Ignoring attacks, Politico's Smith claimed “well-funded attacks from independent groups on behalf of John McCain” have “so far [been] absent”

In a blog post, the Politico's Ben Smith asserted that “well-funded attacks from independent groups on behalf of [Sen.] John McCain” have “so far [been] absent” during the presidential campaign. However, the Vets for Freedom political action committee has run television ads attacking Sen. Barack Obama over issues related to the Iraq war, and independent group Freedom's Watch has put out ads attacking Obama over tax and health care issues.

In a June 19 post on his Politico blog, senior political writer Ben Smith wrote: “Obama announced in a video message to supporters this morning that he won't participate in a public financing system to which he appeared to have committed last year, citing the system's flaws and the threat of -- so far absent -- well-funded attacks from independent groups on behalf of John McCain” [emphasis added]. In fact, the Vets for Freedom political action committee launched two ads in May attacking Sen. Barack Obama over issues related to the Iraq war. Moreover, in the run-up to two special congressional elections in Louisiana and Mississippi on May 3 and 13, the independent group Freedom's Watch ran television ads linking Democratic congressional candidates Rep. Don Cazayoux (LA) and Rep. Travis Childers (MS) to Obama, claiming that Obama and Childers would levy “a $2,600 tax increase” on “many Mississippi families” and that Obama and Cazayoux are behind “a big government scheme” for health care that would “cost[] up to 65 billion dollars.”

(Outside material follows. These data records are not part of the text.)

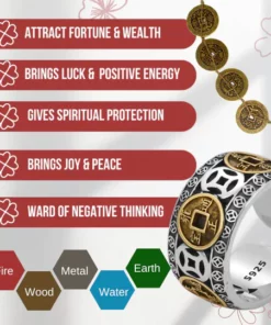 The 5 coins embedded in the ring also represent the five Feng Shui elements (metal, wood, water, fire, and earth), which are thought to be the fundamental elements of everything in the universe and the sites of interactions.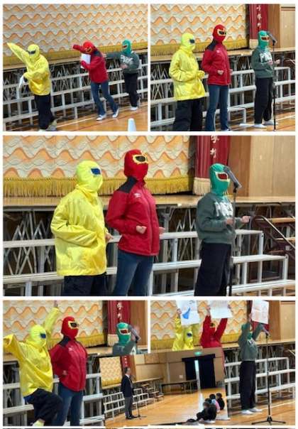 給食委員会からは、食育戦隊「給食レンジャー」が登場してくれました。今回は「ちびっ子」給食レンジャーの登場でした。給食アンケートについても連絡がありました。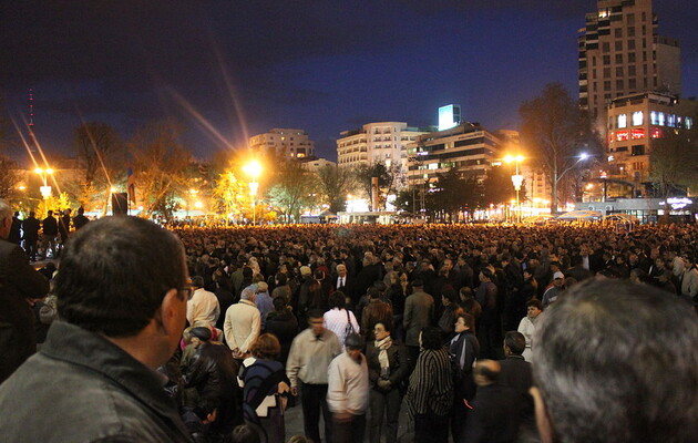 "Ми закликаємо всіх вас зібратися тут. Ми не згодні з рішенням. Нашу батьківщину віддають ворогові. Нікол, ти ворог народу, зрадник", - заявив один з учасників акції протесту, передає «Інтерфакс-Україна».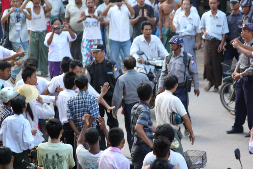၁ ရဲစခန္း ေရွ ့ တြင္ ၎ ၊ ၿမိဳ ့ တြင္း ဥ္ တန္းစီ လွည့္ လည္ ၿပီ ၎ ဖမ္းဆီးထား သည့္ အမ်ိဳး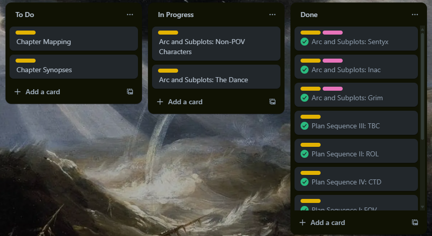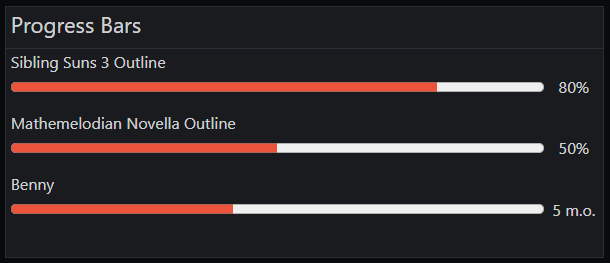Against all odds, he's done it! The progress bar now sits at 80%, meaning I've finished the outline for all three major POV characters. Let me tell you, it's enough to bring tears to my eyes. Some for joy, that this book is inching closing to fruition, and some for sorrow, because not everyone is getting a happy ending.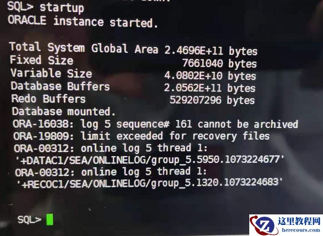 经过分析 判断redo 日志损坏 处理方法如下 alter database claer unarchived logfile group 9;
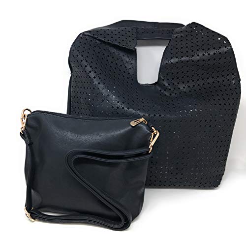 2 Piece Perforated Faux Leather Laser Cut Purse Hobo Bag Handbags Perfect Gifts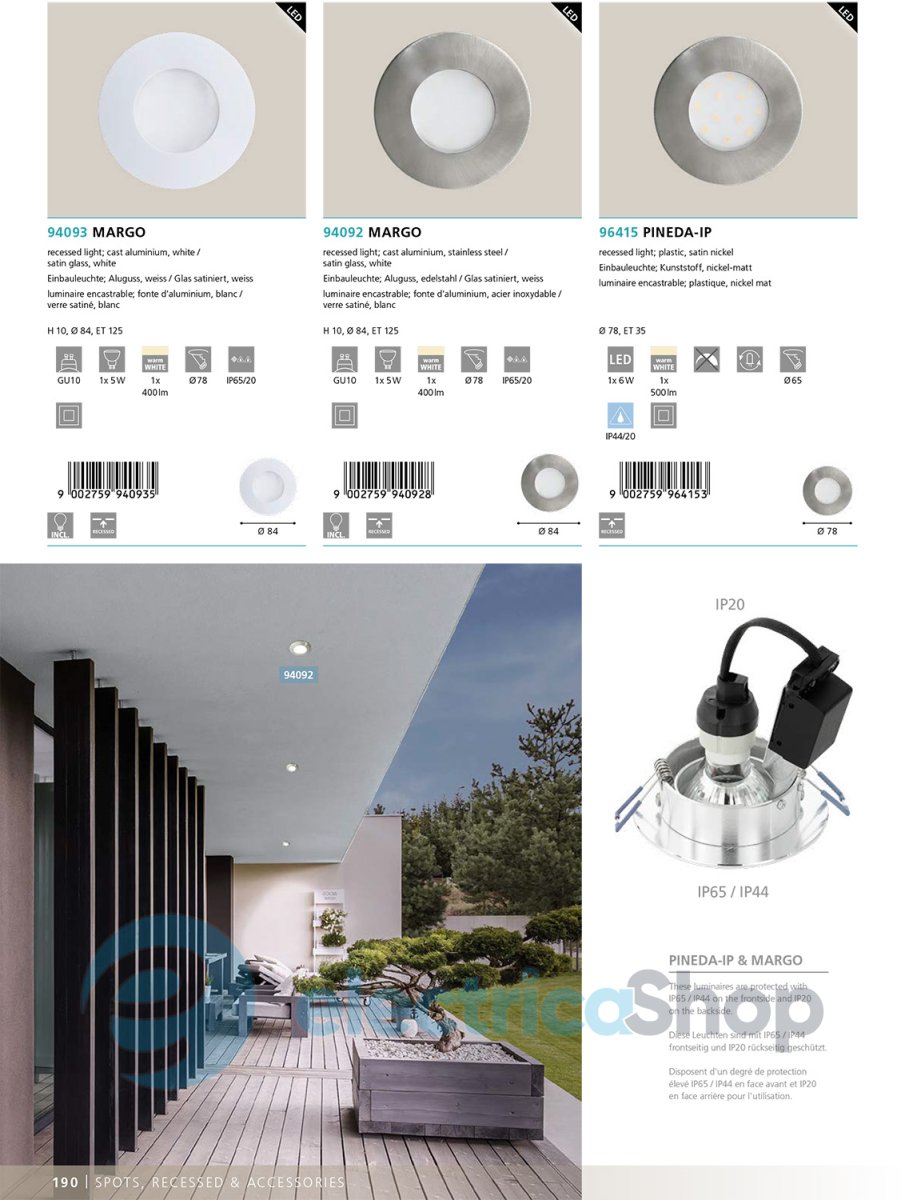 Вбудований вуличний світильник EGLO 94093 MARGO виготовлений з алюмінію та скла.
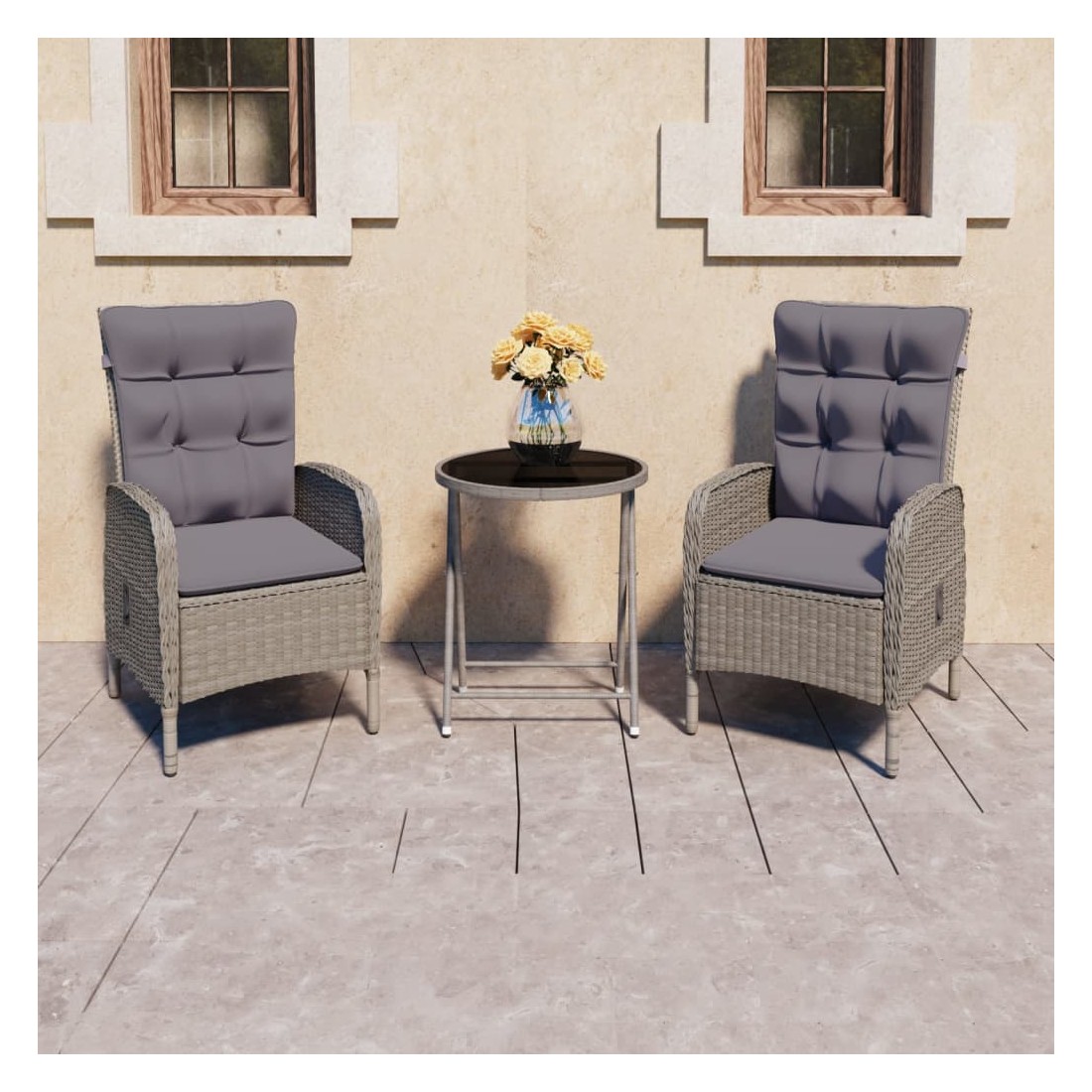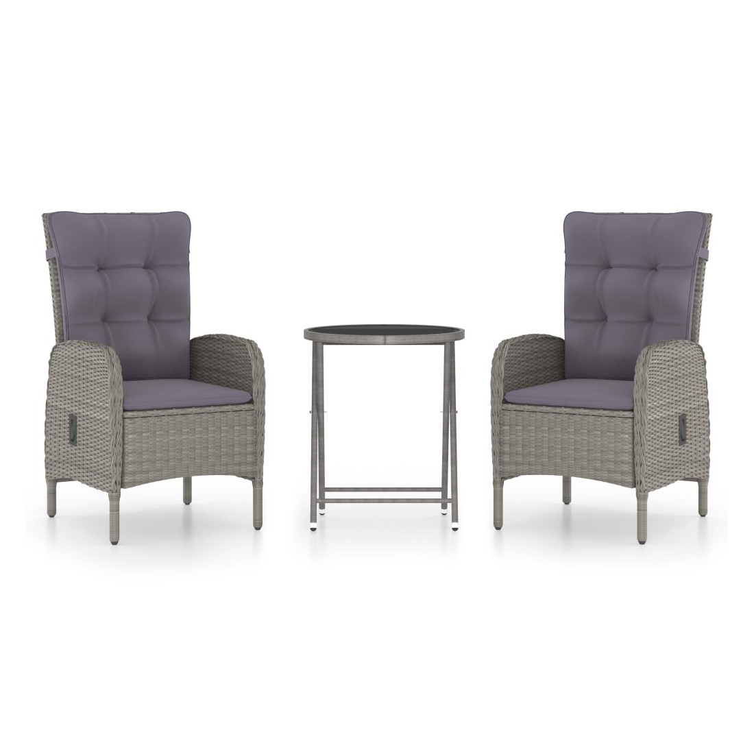 Cet élégant ensemble de bistro de jardin est conçu pour être le point central de votre jardin ou patio. C’est un excellent choix pour vous détendre en plein air dans les espaces extérieurs ! Les cadres en acier enduit de poudre rendent la table et les chaises solides. Grâce à leurs constructions légères, tous les articles sont faciles à déplacer. La résine tressée résistante aux intempéries et le dessus en verre sont faciles à nettoyer avec un chiffon humide. Les fauteuils sont conçus avec des dossiers incurvés et des accoudoirs pour un confort maximal. Les coussins sont inclus pour un soutien supplémentaire et la housse à fermeture éclair est amovible pour faciliter le lavage. Lorsqu'elle n’est pas utilisée, la table peut être repliée pour un rangement facile.

Further, the group Citizens United has reportedly budgeted about $1 million for a "political documentary" on Obama that it plans to release this summer, which examines, in part, whether Obama is “the uniter the country begs for or a typical Democrat divider.” In its May 19 issue, Newsweek quoted Citizens United president David Bossie as saying that the film will portray Obama as a “limousine, out-of-control leftist liberal ... more liberal than [Vermont Sen.] Bernie Sanders, who is a socialist.”

Media Matters for America noted that two McCain supporters and frequent McCain campaign surrogates -- Sen. Lindsey Graham (R-SC), a general co-chairman of McCain's campaign, and Sen. Joe Lieberman (I-CT), a co-chairman of McCain's Connecticut Leadership Team -- served on the Vets for Freedom Policy Board of Advisors, but the day the group's PAC released the first Obama attack ad, they "request[ed] a leave" from their positions "[d]ue to McCain campaign guidelines." Smith himself noted Graham and Lieberman's departure from Vets for Freedom in a May 29 blog entry.

From Smith's June 19 blog post:

Obama announced in a video message to supporters this morning that he won't participate in a public financing system to which he appeared to have committed last year, citing the system's flaws and the threat of -- so far absent -- well-funded attacks from independent groups on behalf of John McCain.

Obama cast the decision, expected to give him a massive edge over McCain, as a risk and a sacrifice.